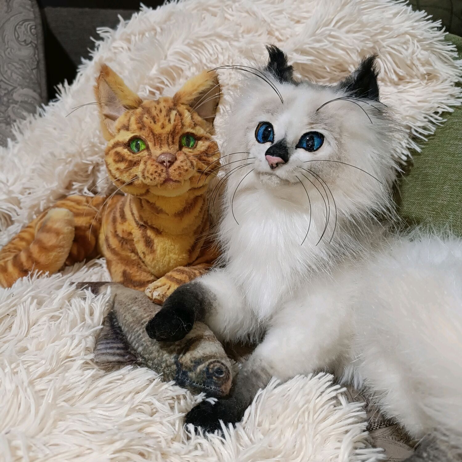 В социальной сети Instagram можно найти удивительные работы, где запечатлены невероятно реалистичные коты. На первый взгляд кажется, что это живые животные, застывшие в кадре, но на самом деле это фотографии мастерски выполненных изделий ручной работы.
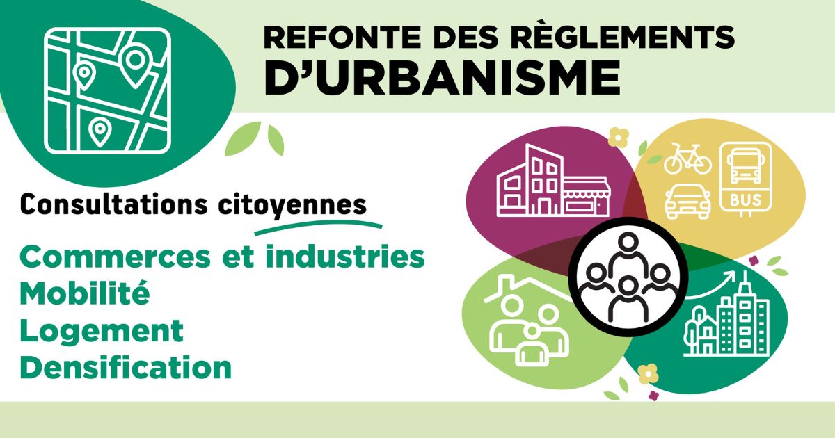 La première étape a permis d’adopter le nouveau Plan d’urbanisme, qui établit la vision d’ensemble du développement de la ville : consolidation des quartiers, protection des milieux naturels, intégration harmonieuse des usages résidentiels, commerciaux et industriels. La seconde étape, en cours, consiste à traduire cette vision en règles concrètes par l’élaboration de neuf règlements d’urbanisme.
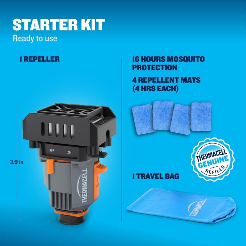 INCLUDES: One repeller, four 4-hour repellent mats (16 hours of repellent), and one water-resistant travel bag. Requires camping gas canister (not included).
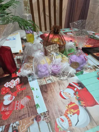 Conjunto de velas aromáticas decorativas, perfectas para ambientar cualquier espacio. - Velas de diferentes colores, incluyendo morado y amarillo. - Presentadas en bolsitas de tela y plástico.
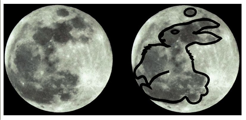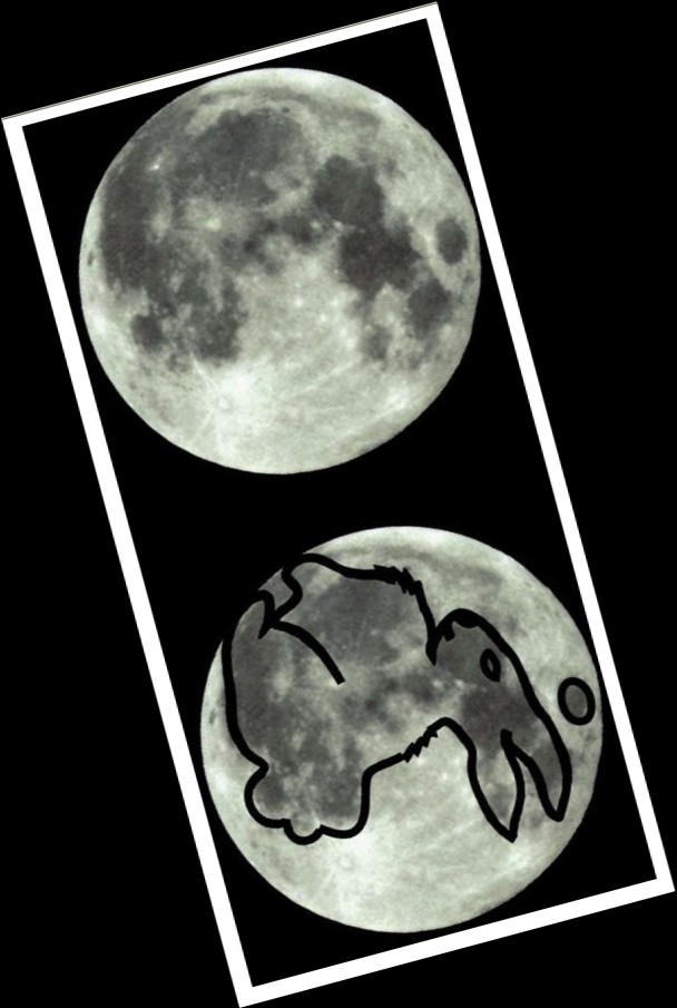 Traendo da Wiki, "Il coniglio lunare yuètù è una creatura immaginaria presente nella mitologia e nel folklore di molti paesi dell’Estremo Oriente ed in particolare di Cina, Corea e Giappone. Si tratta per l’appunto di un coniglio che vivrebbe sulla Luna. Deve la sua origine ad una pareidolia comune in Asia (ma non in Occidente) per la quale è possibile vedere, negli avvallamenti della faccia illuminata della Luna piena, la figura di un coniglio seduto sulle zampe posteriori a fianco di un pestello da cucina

___

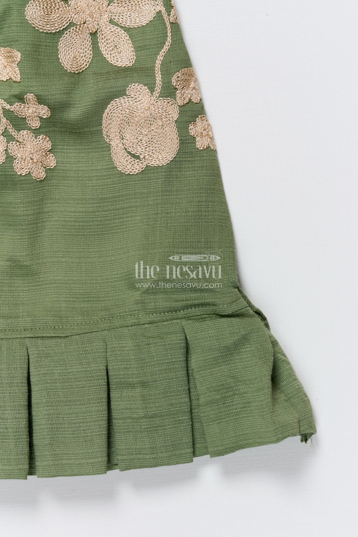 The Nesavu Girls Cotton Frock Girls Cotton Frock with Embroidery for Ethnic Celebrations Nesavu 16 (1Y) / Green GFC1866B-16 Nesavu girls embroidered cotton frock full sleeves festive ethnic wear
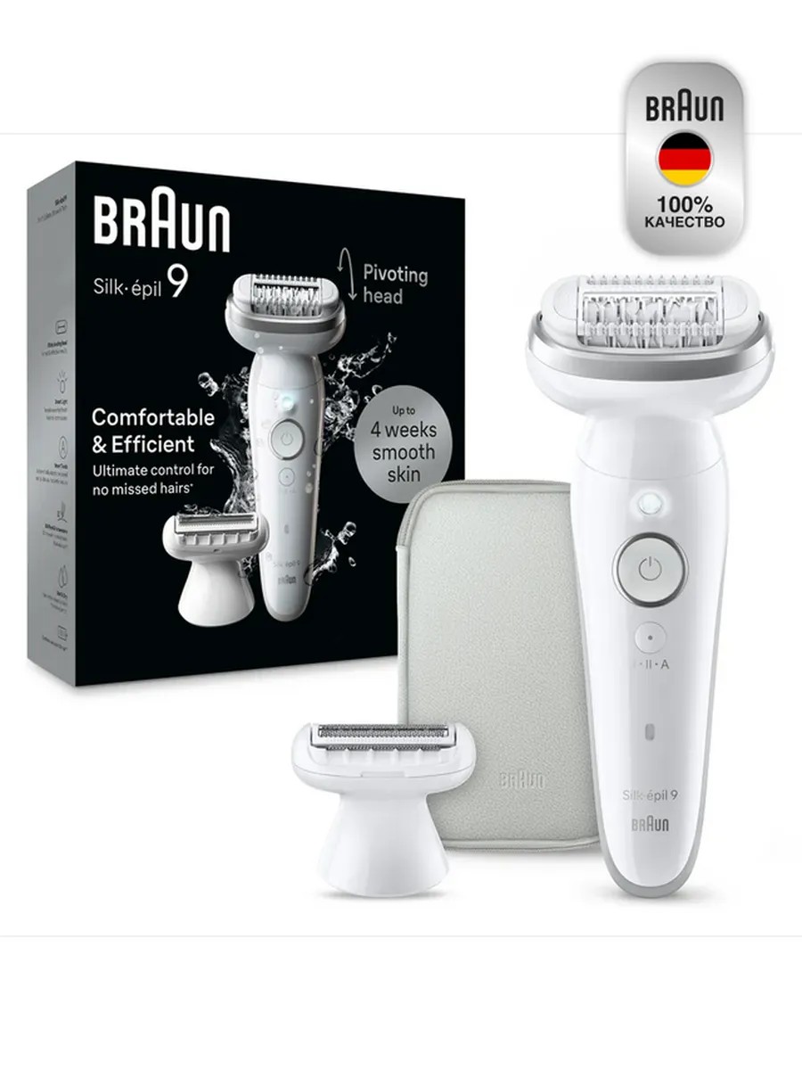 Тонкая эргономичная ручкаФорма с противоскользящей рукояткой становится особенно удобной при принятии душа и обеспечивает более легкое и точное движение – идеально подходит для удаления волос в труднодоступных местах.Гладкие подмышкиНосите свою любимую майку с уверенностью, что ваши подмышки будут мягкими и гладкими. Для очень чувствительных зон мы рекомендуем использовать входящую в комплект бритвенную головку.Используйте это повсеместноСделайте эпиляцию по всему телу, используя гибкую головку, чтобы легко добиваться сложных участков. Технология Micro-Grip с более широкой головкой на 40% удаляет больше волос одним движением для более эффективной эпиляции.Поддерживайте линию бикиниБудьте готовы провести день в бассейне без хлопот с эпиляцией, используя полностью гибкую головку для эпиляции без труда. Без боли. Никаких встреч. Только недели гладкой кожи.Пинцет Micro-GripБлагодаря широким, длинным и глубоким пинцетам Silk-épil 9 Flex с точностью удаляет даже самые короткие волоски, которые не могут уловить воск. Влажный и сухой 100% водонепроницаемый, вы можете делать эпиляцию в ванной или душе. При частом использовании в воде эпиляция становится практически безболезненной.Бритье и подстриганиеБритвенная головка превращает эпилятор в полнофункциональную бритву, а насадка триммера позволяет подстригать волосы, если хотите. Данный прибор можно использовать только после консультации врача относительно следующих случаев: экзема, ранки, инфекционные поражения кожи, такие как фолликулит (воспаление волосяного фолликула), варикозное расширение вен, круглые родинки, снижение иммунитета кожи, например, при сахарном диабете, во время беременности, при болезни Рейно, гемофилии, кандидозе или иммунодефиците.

___

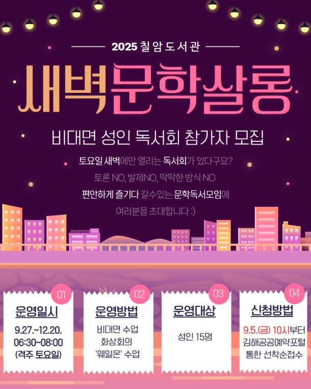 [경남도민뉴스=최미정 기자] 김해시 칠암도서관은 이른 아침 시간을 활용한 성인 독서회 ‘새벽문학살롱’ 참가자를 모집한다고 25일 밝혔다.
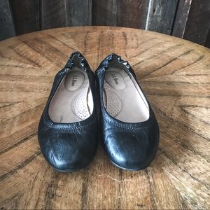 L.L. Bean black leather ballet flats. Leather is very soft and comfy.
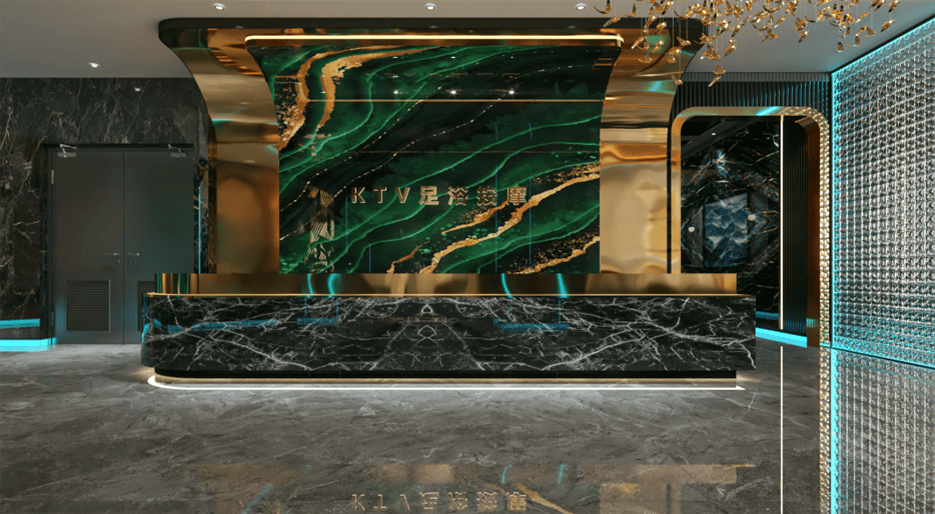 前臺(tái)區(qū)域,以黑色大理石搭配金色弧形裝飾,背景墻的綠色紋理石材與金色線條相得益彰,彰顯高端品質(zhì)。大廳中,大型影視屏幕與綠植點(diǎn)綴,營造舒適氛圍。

___

## WORK REQUEST
Using the data above, which lines fall from the one with "INCLUDES: One repeller, four" through the one with "pestello da cucina"? Repeat them exactly, ends included, minus any pictures.

## EXERCISE SOLUTION
 INCLUDES: One repeller, four 4-hour repellent mats (16 hours of repellent), and one water-resistant travel bag. Requires camping gas canister (not included).
 Conjunto de velas aromáticas decorativas, perfectas para ambientar cualquier espacio. - Velas de diferentes colores, incluyendo morado y amarillo. - Presentadas en bolsitas de tela y plástico.
 Traendo da Wiki, "Il coniglio lunare yuètù è una creatura immaginaria presente nella mitologia e nel folklore di molti paesi dell’Estremo Oriente ed in particolare di Cina, Corea e Giappone. Si tratta per l’appunto di un coniglio che vivrebbe sulla Luna. Deve la sua origine ad una pareidolia comune in Asia (ma non in Occidente) per la quale è possibile vedere, negli avvallamenti della faccia illuminata della Luna piena, la figura di un coniglio seduto sulle zampe posteriori a fianco di un pestello da cucina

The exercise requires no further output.